Este "caminho da honradez" (palavras dele) é feito numa altura em que "a agricultura bateu no fundo" (palavras dele também). Quer dizer: o mais fácil, para a Cooperativa de Távora, seria refugiar-se na crise e permanecer, quieta, num recanto à espera que a tormenta passe. Nada disso. "Temos de ser ambiciosos, inovadores e empreendedores, senão a história acaba por nos apagar"."É por isso que a junção com a Cooperativa de Armamar está em curso. Para que a história não se encarregue de apagar quem não quer, nem merece, ser apagado.
Há queixas, claro. E dirigidas a quem, no sossego de um qualquer gabinete, decide estimular a colocação de toneladas de fruta no mercado, mas se esquece de criar, a montante, condições para que o objetivo se concretize. "Não temos, por exemplo, câmaras de frio, essenciais para este negócio", exemplifica João Silva. "O tempo do ensaio e erro já lá vai. Se Deus quiser e o Governo também, nós cá estamos". Para lutar.
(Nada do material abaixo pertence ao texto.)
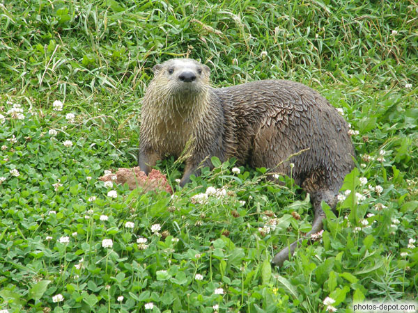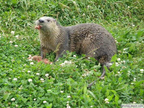 Canada, Gaspesie, BioparcLoutre de rivière déchicte la viante avec ses dents accérés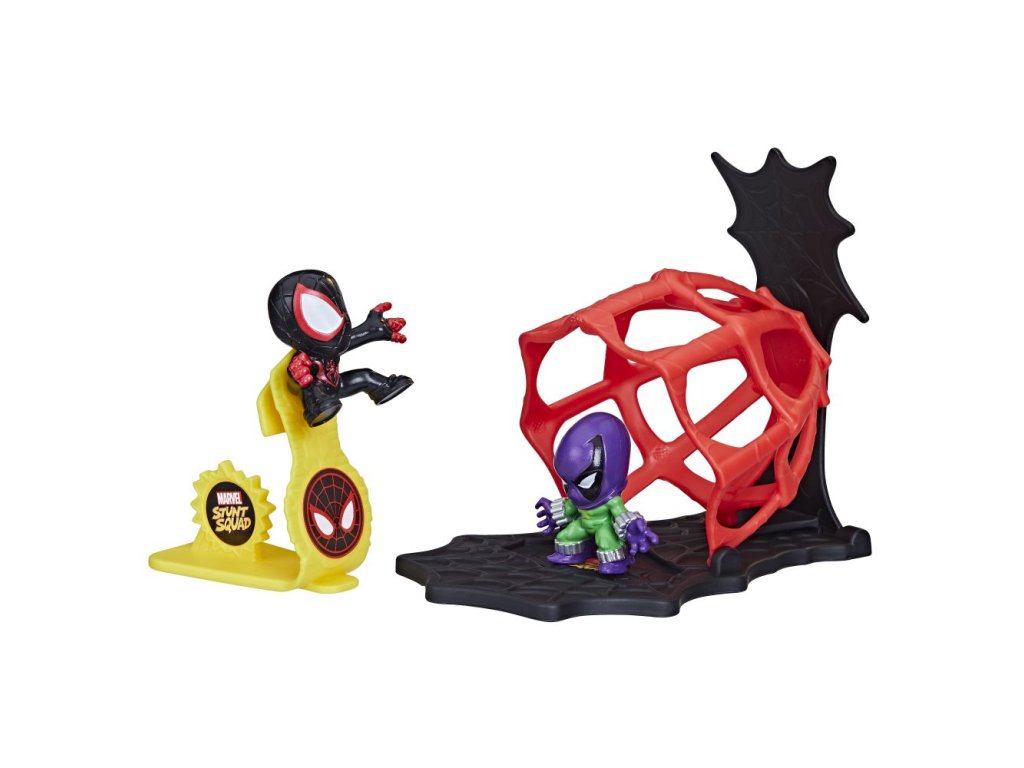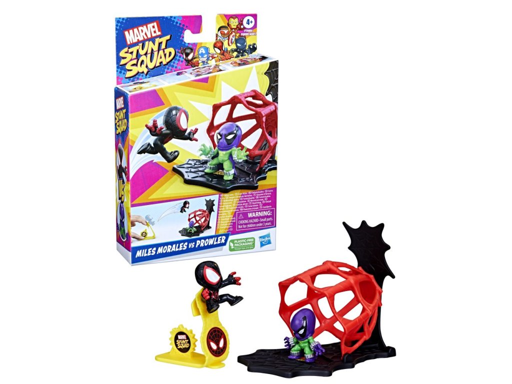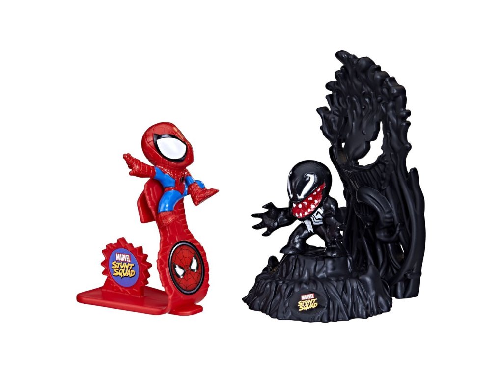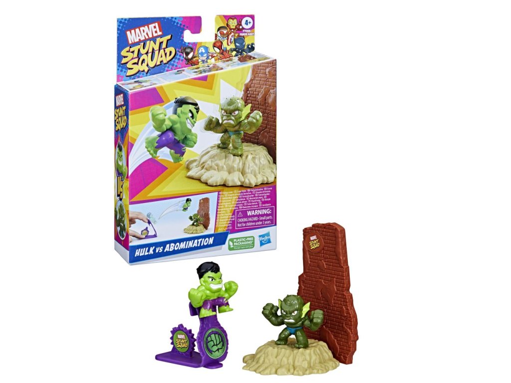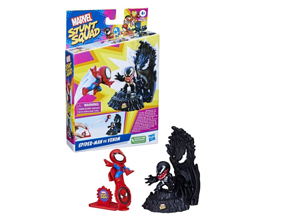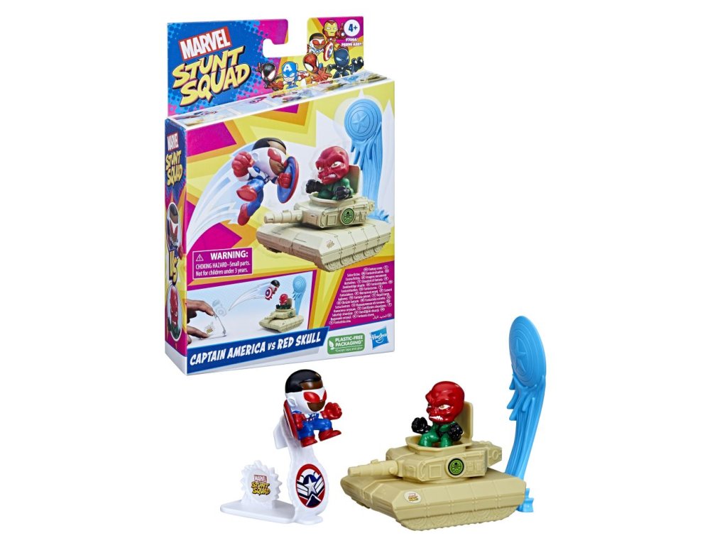 Mocní hrdinové, mega přístup! Marvel Stunt Squad - herní sada akčních figurek, kterou si děti zamilují. S oblíbenými postavami Marvel v klasickém herním schématu hrdina versus padouch jsou tyto malé figurky superhrdinů plné dynamických pozic a akční zábavy! Herní sady Marvel Stunt Squad Hero vs. Villain obsahují dvě figurky v měřítku 2,5 cm, odpalovací zařízení a cílovou základnu.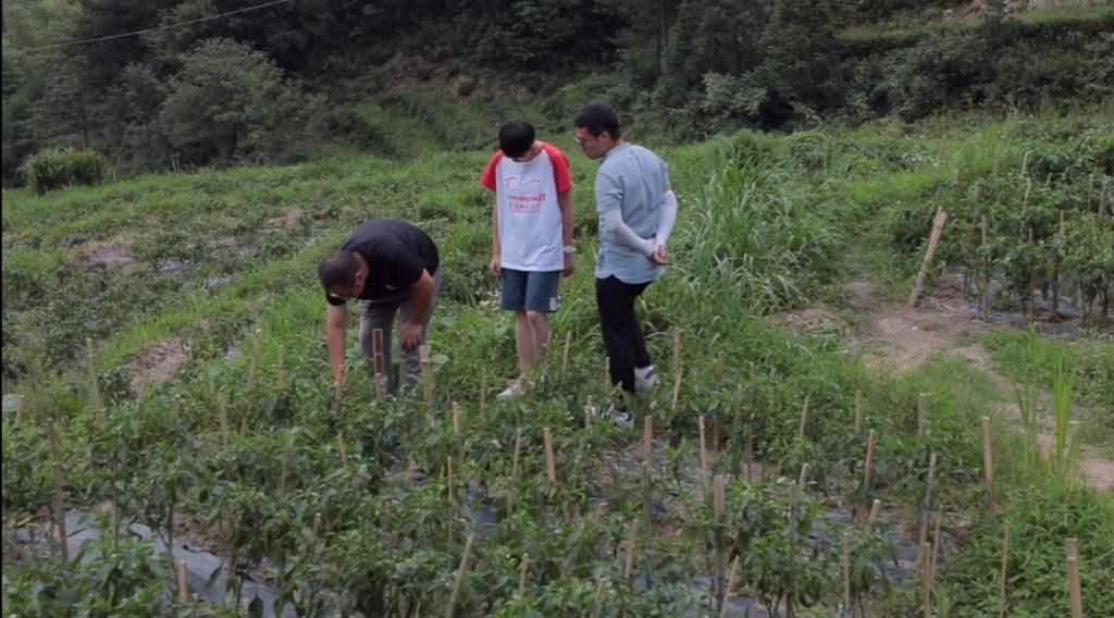 (图为刘紫仪与指导老师马星宇在岳西县主簿镇余畈村跟随村民参观辣椒田地)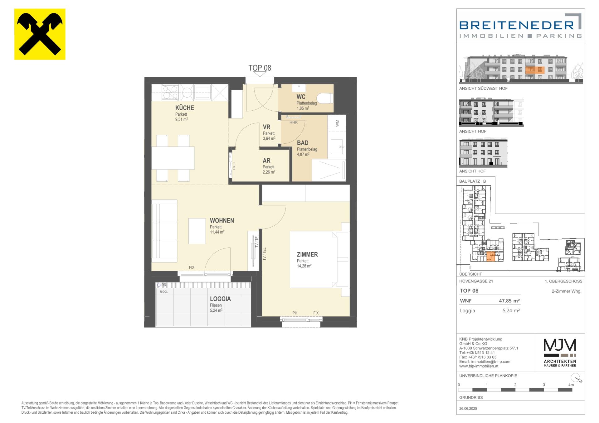 Die Preise verstehen sich als Nettokaufpreise zzgl. USt. Hinzu kommen 3,5 % Grunderwerbsteuer, 1,1 % Grundbucheintragungsgebühr sowie ein Treuhand- und Vertragserrichtungsentgelt von 1,5 % des Gesamtkaufpreises (zzgl. USt und Barauslagen).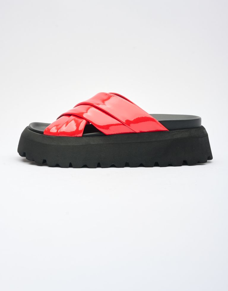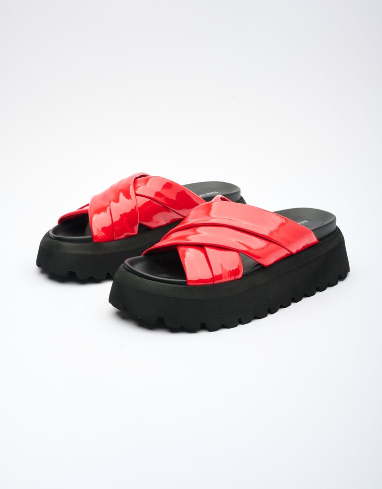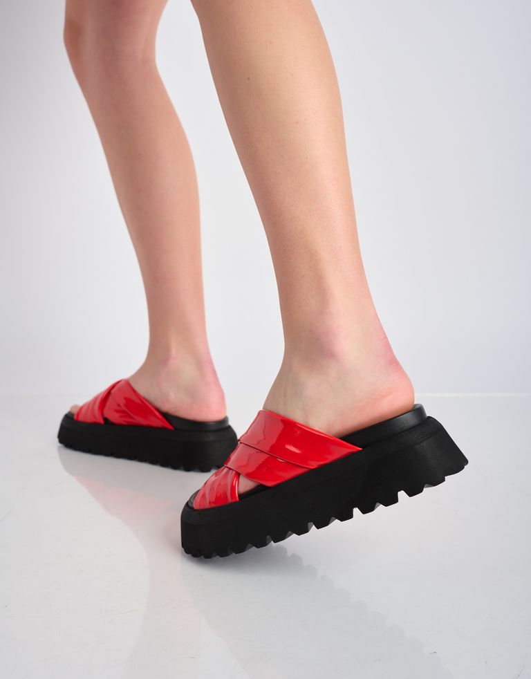 כפכפים עם רצועות עור מוצלבות במראה מבריק וסוליית פלטפורמה גבוהה במיוחד.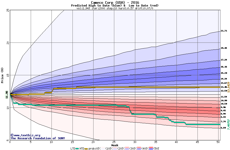 The high to date and low to date prices of the stock plotted against a random walk model for 2016 (what's this?).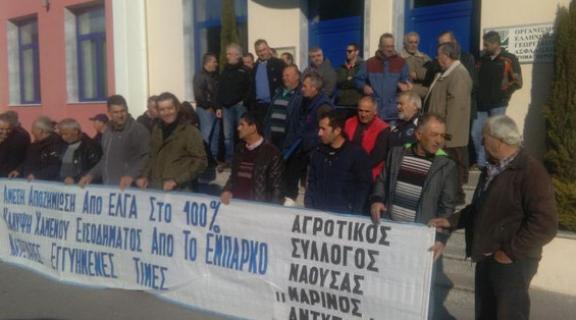 Μαχητική αγωνιστική κινητοποίηση και συμβολική κατάληψη των γραφείων του ΕΛΓΑ στη Βέροια, πραγματοποίησαν το πρωί της Παρασκευής, οι φρουτοπαραγωγοί της Ημαθίας και της Πέλλας μετά από κάλεσμα των Αγροτικών Συλλόγων Νάουσας «Μαρίνος Αντύπας», Γεωργών Βέροιας και Πέλλας «Η Ενότητα», που συντονίζονται με την Πανελλαδική Επιτροπή των Μπλόκων.
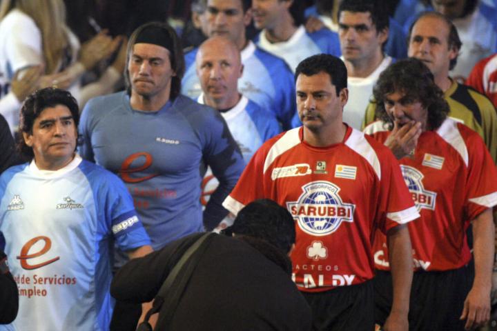 卡洛斯-麦卡利斯特(左三)身着蓝白队服和马拉多纳一起出现在2007年的一场友谊赛上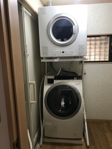 既存のドラム式洗濯機の上にガス衣類乾燥機を設置しました。

Do Interior, desse outro Portugal onde a alma se estremunha com compreensível facilidade, chegam, portanto, boas notícias. Que mil presidentes como este floresçam pelo país, a ver se a coisa avança.
P.S.: Scolari disse, numa entrevista, que não convocou Baía para a seleção porque Pinto da Costa lhe dissera que o guarda-redes era "problemático". É uma das mais cobardes e rasteiras desculpas que ouvi a um treinador. Lamentável.